CC BY 4.0 · ACI open 2021; 05(01): e1-e12
DOI: 10.1055/s-0041-1729982
Original Article

DeepSuggest: Using Neural Networks to Suggest Related Keywords for a Comprehensive Search of Clinical Notes

Soheil Moosavinasab
1   Research Information Solutions and Innovation, The Research Institute at Nationwide Children's Hospital, Columbus, Ohio, United States
,
Emre Sezgin
1   Research Information Solutions and Innovation, The Research Institute at Nationwide Children's Hospital, Columbus, Ohio, United States
,
Huan Sun
2   Department of Computer Science and Engineering, The Ohio State University, Columbus, Ohio, United States
,
Jeffrey Hoffman
3   Department of Pediatrics, Nationwide Children's Hospital, Columbus, Ohio, United States
4   Department of Pediatrics, The Ohio State University College of Medicine, Columbus, Ohio, United States
,
Yungui Huang
1   Research Information Solutions and Innovation, The Research Institute at Nationwide Children's Hospital, Columbus, Ohio, United States
,
Simon Lin
1   Research Information Solutions and Innovation, The Research Institute at Nationwide Children's Hospital, Columbus, Ohio, United States
5   Department of Biomedical Informatics and Department of Pediatrics, The Ohio State University College of Medicine, Columbus, Ohio, United States
› Author Affiliations
Funding This study received its financial support from Patient-Centered Outcomes Research Institute (grant number: ME-2017C1-6413).

Abstract

Objective A large amount of clinical data are stored in clinical notes that frequently contain spelling variations, typos, local practice-generated acronyms, synonyms, and informal words. Instead of relying on established but infrequently updated ontologies with keywords limited to formal language, we developed an artificial intelligence (AI) assistant (named “DeepSuggest”) that interactively offers suggestions to expand or pivot queries to help overcome these challenges.
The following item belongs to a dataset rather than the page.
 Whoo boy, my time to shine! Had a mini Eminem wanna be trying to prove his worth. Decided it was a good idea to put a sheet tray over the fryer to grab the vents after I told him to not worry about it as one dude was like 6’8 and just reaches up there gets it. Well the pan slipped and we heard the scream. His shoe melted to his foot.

Methods We applied an unsupervised neural network (Word2Vec) to the clinical notes to build keyword contextual similarity matrix. With a user's input query, DeepSuggest generates a list of relevant keywords, including word variations (e.g., formal or informal forms, synonyms, abbreviations, and misspellings) and other relevant words (e.g., related diagnosis, medications, and procedures). Human intelligence is then used to further refine or pivot their query.
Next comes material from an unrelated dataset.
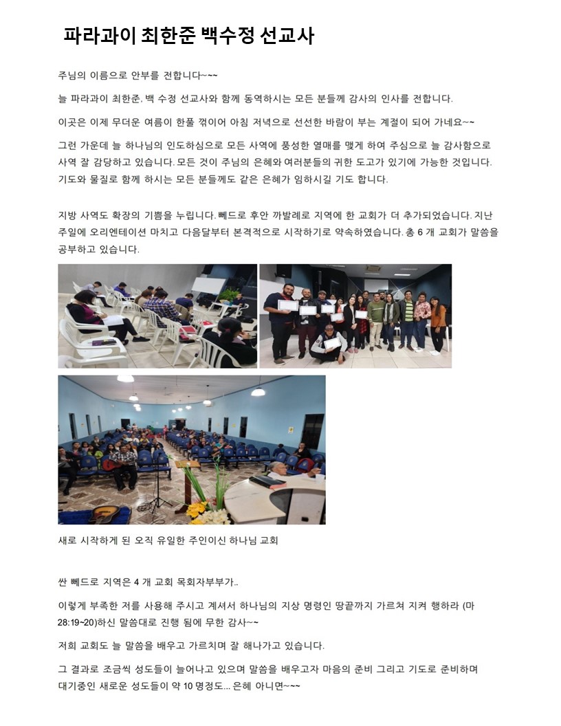 파라과이 최한준 선교사 선교소식들 1 > 선교소식

Results DeepSuggest learns the semantic and linguistic relationships between the words from a large collection of local notes. Although DeepSuggest is only able to recall 0.54 of Systematized Nomenclature of Medicine (SNOMED) synonyms on average among the top 60 suggested terms, it covers the semantic relationship in our corpus for a larger number of raw concepts (6.3 million) than SNOMED ontology (24,921) and is able to retrieve terms that are not stored in existing ontologies. The precision for the top 60 suggested words averages at 0.72. Usability test resulted that DeepSuggest is able to achieve almost twice the recall on clinical notes compared with Epic (average of 5.6 notes retrieved by DeepSuggest compared with 2.6 by Epic).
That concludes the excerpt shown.